• _Problem description_
Start at the top of the records and, please, print each line exactly through the line that contains "11x14 inch Picture", leaving out all pictures.

(Records from a dataset)
- - - - -

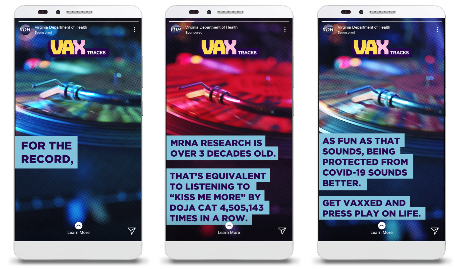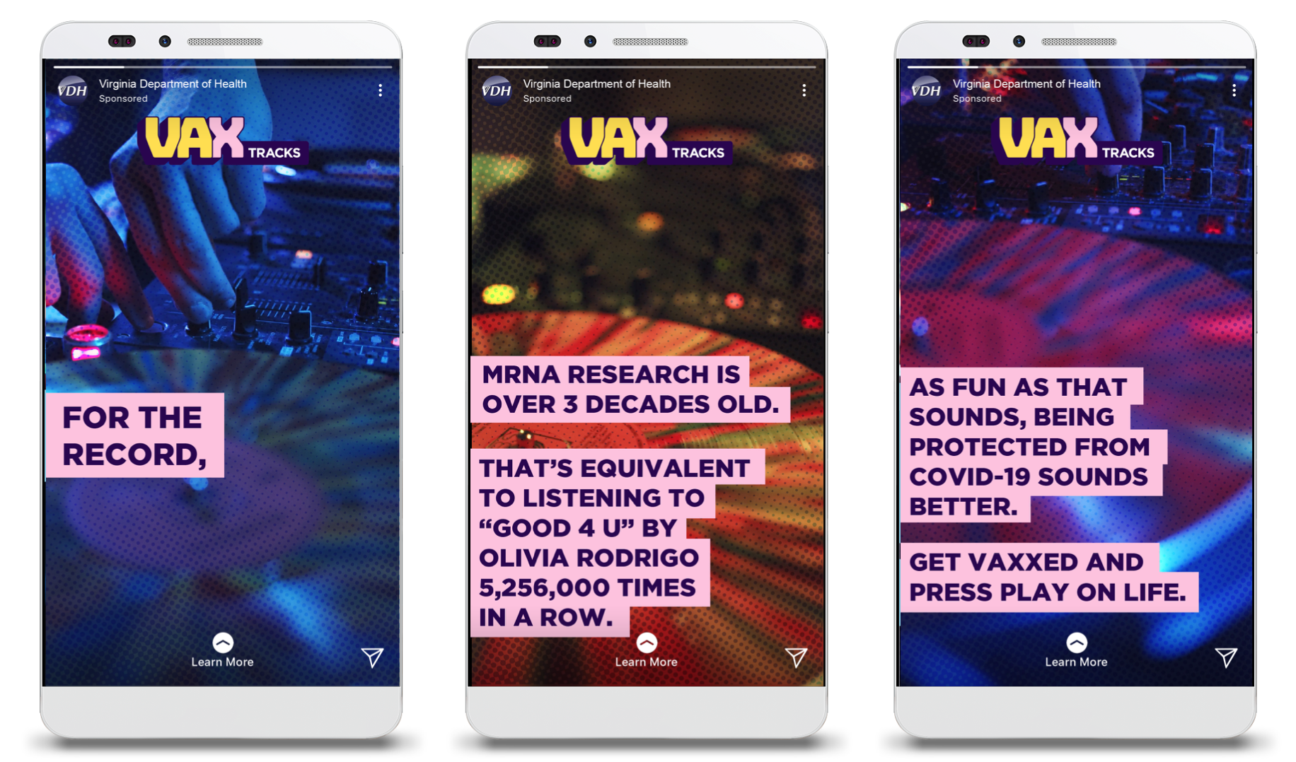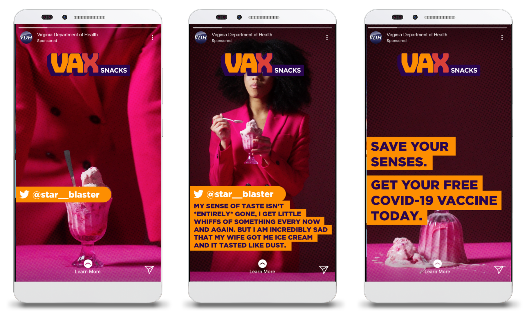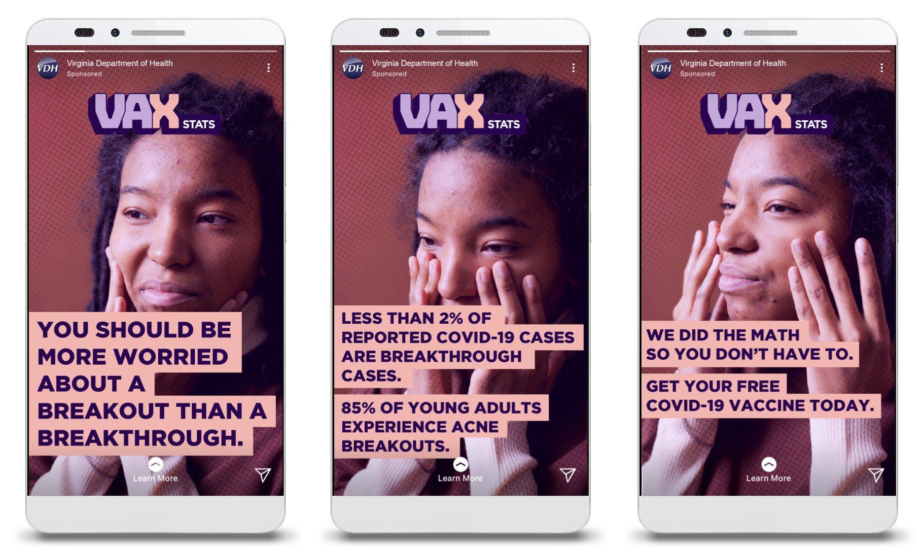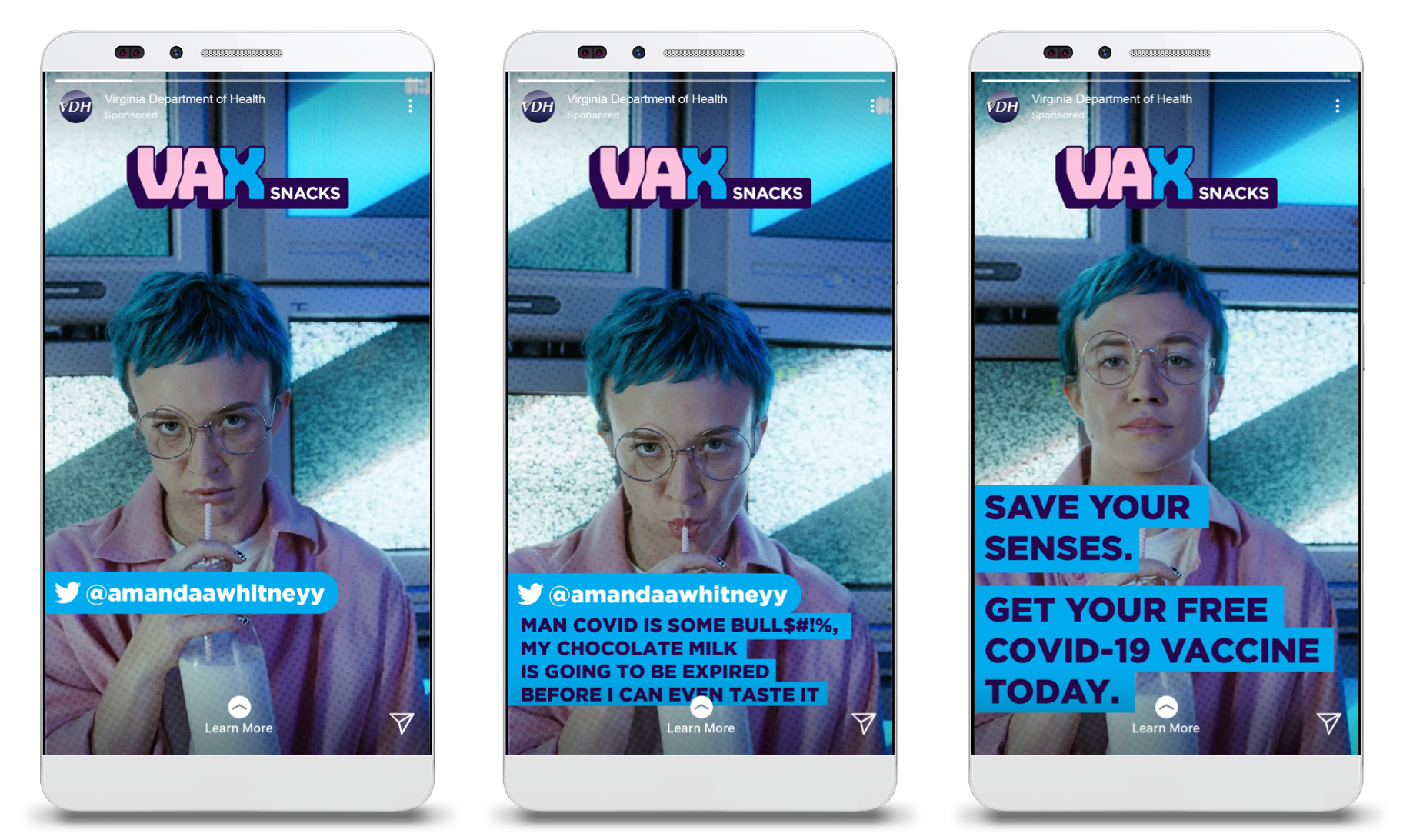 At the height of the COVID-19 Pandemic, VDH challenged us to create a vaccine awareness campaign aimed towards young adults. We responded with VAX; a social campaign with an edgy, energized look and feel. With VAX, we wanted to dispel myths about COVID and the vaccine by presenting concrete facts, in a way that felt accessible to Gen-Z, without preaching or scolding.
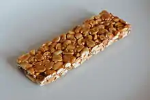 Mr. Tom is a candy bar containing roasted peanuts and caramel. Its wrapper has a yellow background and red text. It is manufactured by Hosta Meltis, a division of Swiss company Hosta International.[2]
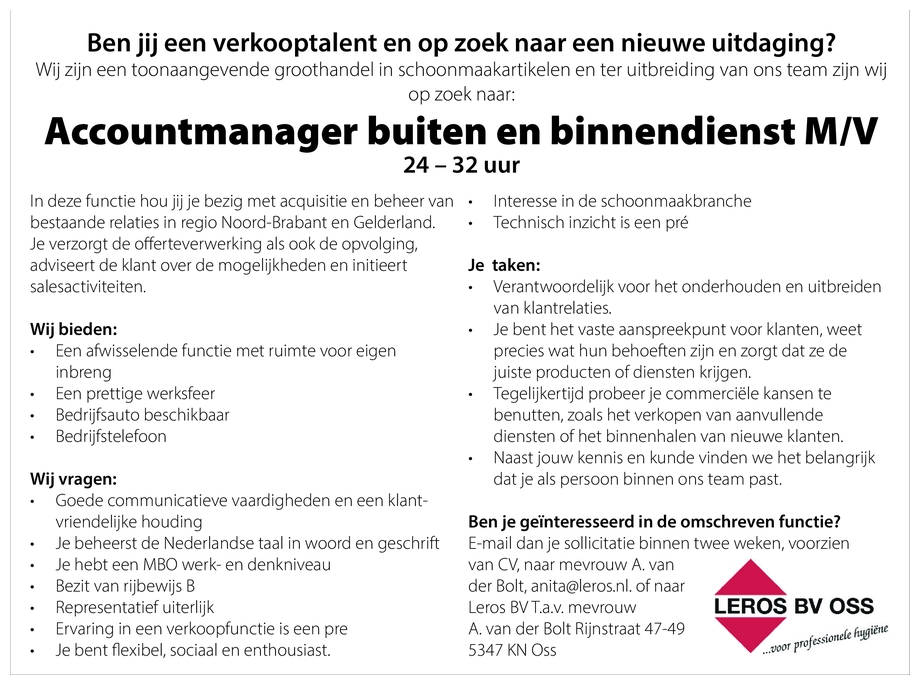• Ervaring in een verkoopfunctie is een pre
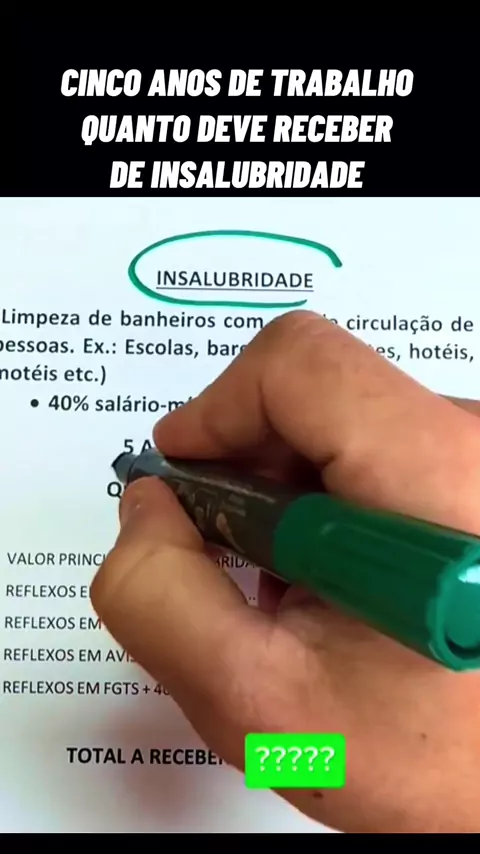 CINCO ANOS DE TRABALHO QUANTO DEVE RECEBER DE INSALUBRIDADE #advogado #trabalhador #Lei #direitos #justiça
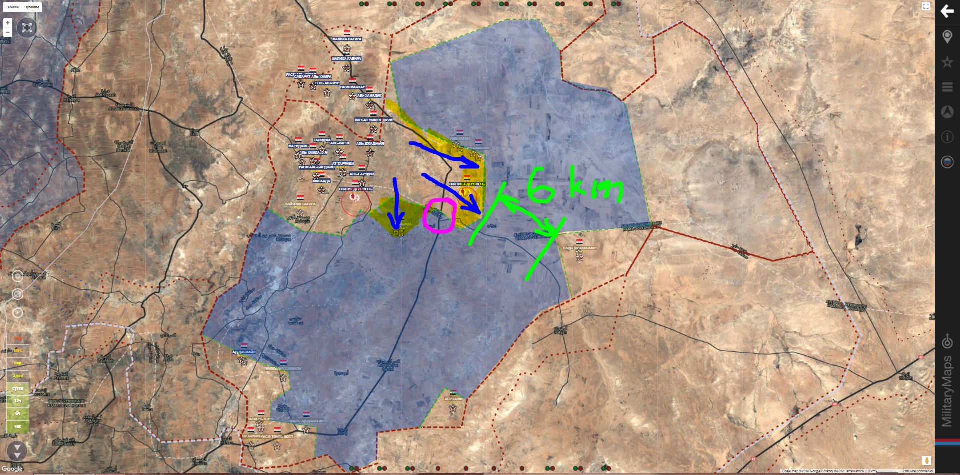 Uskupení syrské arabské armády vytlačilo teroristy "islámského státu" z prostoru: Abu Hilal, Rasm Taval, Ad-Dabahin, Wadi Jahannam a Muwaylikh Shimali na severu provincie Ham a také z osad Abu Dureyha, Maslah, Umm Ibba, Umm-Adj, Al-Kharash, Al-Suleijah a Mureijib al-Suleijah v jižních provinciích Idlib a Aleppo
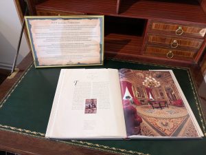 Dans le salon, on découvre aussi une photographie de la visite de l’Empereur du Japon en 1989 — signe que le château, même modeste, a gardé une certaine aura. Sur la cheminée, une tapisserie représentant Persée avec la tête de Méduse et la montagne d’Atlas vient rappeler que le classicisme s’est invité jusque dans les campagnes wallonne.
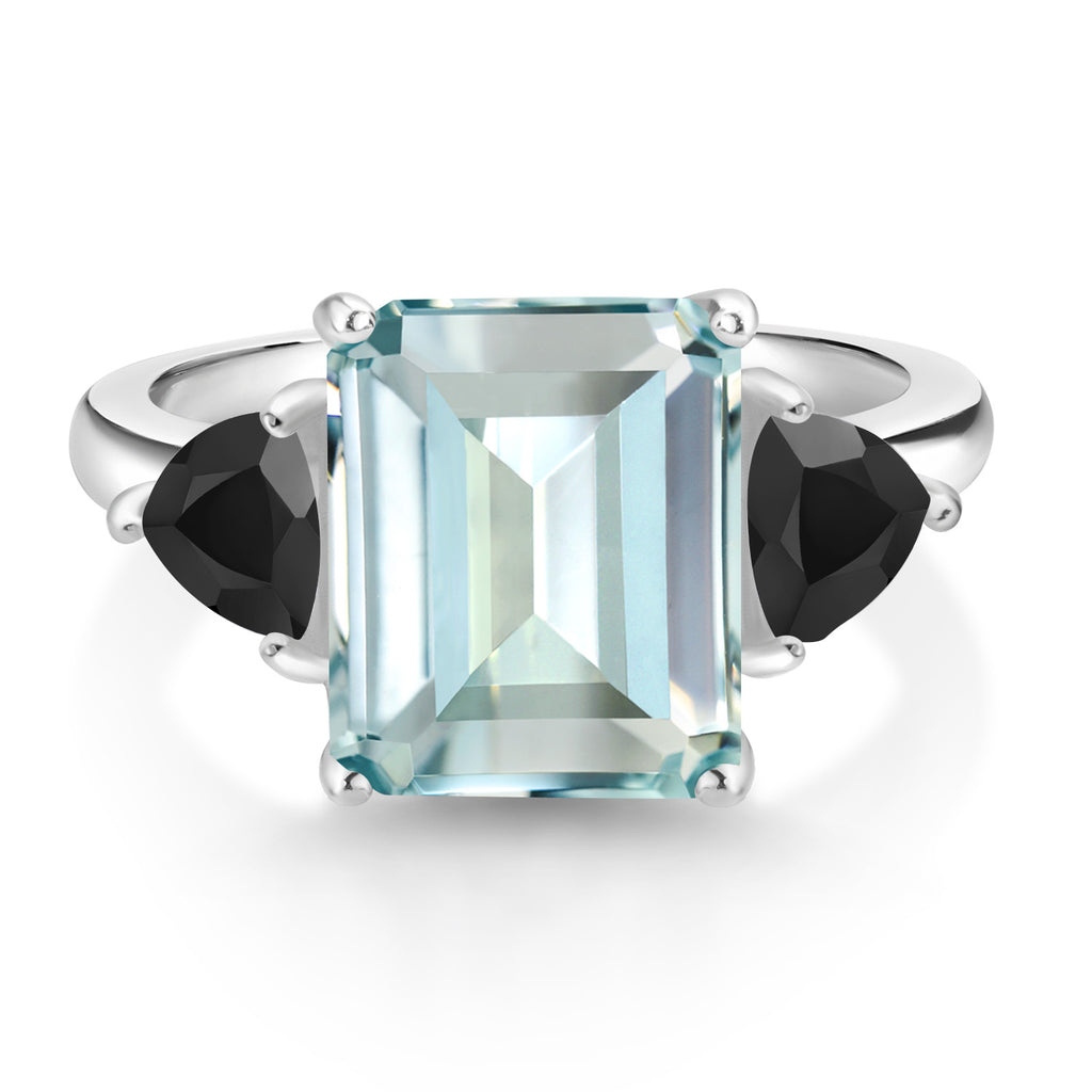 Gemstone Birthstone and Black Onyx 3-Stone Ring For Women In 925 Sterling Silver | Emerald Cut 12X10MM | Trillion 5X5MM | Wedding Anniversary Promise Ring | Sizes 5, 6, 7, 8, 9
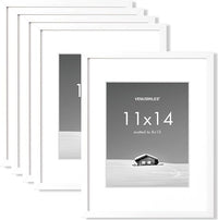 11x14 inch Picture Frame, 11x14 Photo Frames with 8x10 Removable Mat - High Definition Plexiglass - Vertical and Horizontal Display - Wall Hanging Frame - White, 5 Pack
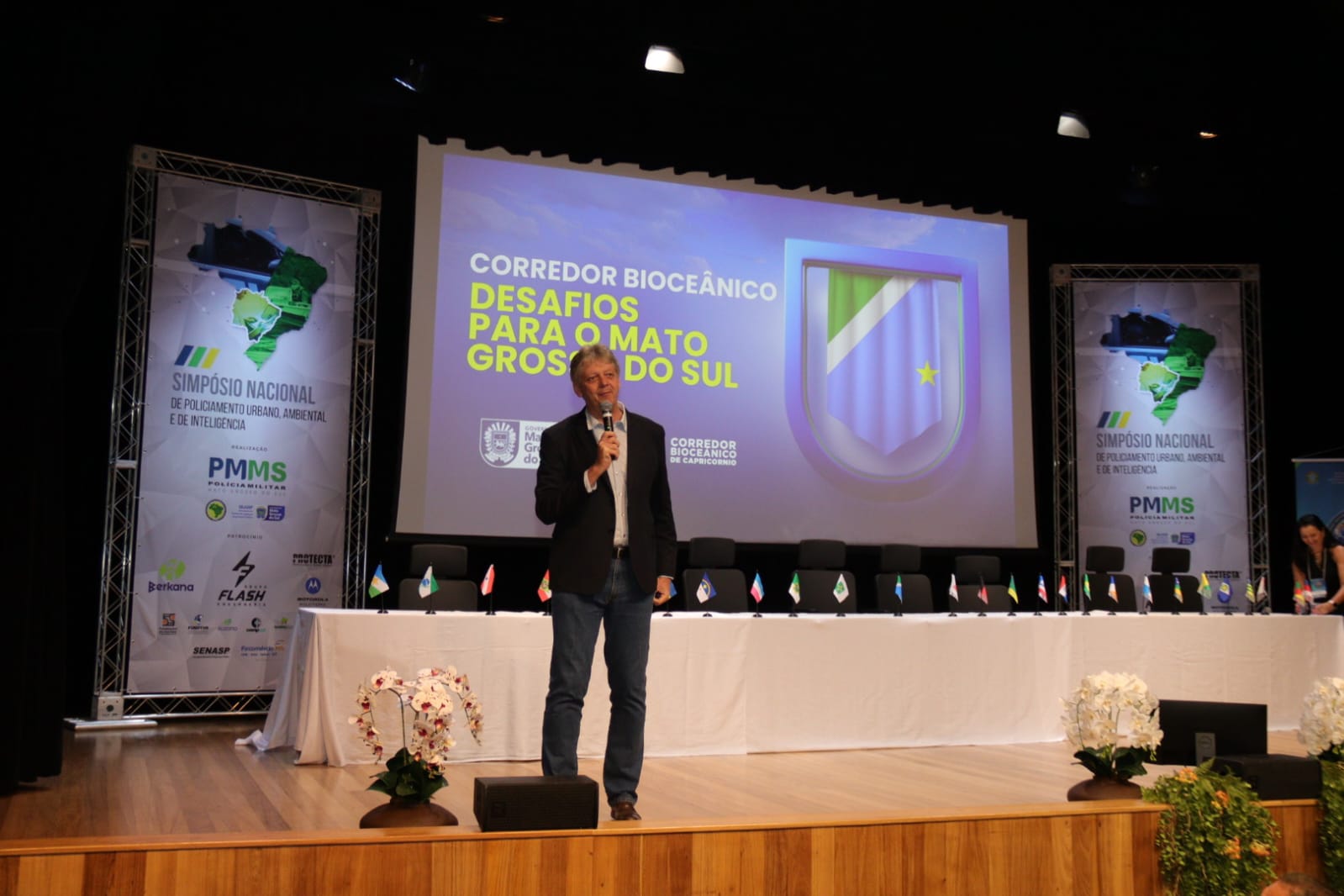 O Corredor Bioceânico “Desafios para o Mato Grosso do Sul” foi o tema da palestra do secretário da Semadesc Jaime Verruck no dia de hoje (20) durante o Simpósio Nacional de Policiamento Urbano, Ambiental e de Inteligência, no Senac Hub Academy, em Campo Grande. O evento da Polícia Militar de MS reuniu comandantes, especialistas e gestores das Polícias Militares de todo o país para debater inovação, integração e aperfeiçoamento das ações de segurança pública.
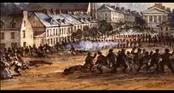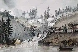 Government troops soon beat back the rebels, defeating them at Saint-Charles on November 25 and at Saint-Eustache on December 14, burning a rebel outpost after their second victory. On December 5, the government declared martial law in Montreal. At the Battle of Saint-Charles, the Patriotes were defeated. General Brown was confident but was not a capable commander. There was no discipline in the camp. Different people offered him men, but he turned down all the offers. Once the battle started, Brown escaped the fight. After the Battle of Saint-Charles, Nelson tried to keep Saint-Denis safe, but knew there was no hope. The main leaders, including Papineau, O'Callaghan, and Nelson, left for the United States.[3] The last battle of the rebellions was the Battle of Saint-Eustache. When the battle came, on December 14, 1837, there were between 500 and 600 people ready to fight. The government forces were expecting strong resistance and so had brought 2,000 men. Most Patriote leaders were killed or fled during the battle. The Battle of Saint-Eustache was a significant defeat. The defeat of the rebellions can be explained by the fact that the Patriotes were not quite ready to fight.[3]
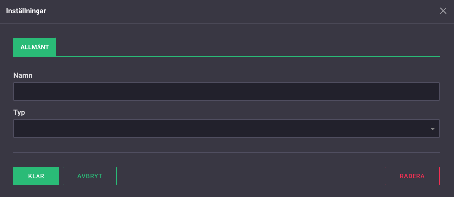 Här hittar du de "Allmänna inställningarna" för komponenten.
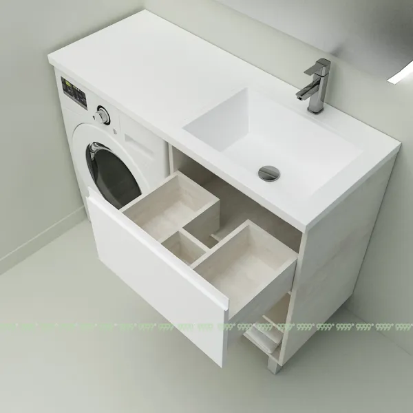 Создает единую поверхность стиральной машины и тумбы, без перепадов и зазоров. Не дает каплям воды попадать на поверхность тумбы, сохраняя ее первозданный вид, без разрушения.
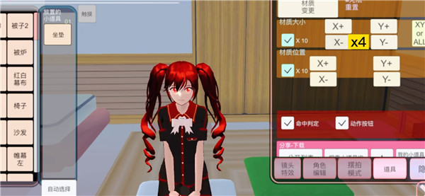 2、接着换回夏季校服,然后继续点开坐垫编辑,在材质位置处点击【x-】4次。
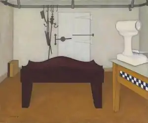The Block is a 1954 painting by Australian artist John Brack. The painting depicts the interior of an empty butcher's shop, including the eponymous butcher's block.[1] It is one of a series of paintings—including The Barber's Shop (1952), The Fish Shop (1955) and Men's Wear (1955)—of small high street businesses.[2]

- - - - -

• _Result for this task_
 At the height of the COVID-19 Pandemic, VDH challenged us to create a vaccine awareness campaign aimed towards young adults. We responded with VAX; a social campaign with an edgy, energized look and feel. With VAX, we wanted to dispel myths about COVID and the vaccine by presenting concrete facts, in a way that felt accessible to Gen-Z, without preaching or scolding.
 Mr. Tom is a candy bar containing roasted peanuts and caramel. Its wrapper has a yellow background and red text. It is manufactured by Hosta Meltis, a division of Swiss company Hosta International.[2]
• Ervaring in een verkoopfunctie is een pre
 CINCO ANOS DE TRABALHO QUANTO DEVE RECEBER DE INSALUBRIDADE #advogado #trabalhador #Lei #direitos #justiça
 Uskupení syrské arabské armády vytlačilo teroristy "islámského státu" z prostoru: Abu Hilal, Rasm Taval, Ad-Dabahin, Wadi Jahannam a Muwaylikh Shimali na severu provincie Ham a také z osad Abu Dureyha, Maslah, Umm Ibba, Umm-Adj, Al-Kharash, Al-Suleijah a Mureijib al-Suleijah v jižních provinciích Idlib a Aleppo
 Dans le salon, on découvre aussi une photographie de la visite de l’Empereur du Japon en 1989 — signe que le château, même modeste, a gardé une certaine aura. Sur la cheminée, une tapisserie représentant Persée avec la tête de Méduse et la montagne d’Atlas vient rappeler que le classicisme s’est invité jusque dans les campagnes wallonne.
 Gemstone Birthstone and Black Onyx 3-Stone Ring For Women In 925 Sterling Silver | Emerald Cut 12X10MM | Trillion 5X5MM | Wedding Anniversary Promise Ring | Sizes 5, 6, 7, 8, 9
 11x14 inch Picture Frame, 11x14 Photo Frames with 8x10 Removable Mat - High Definition Plexiglass - Vertical and Horizontal Display - Wall Hanging Frame - White, 5 Pack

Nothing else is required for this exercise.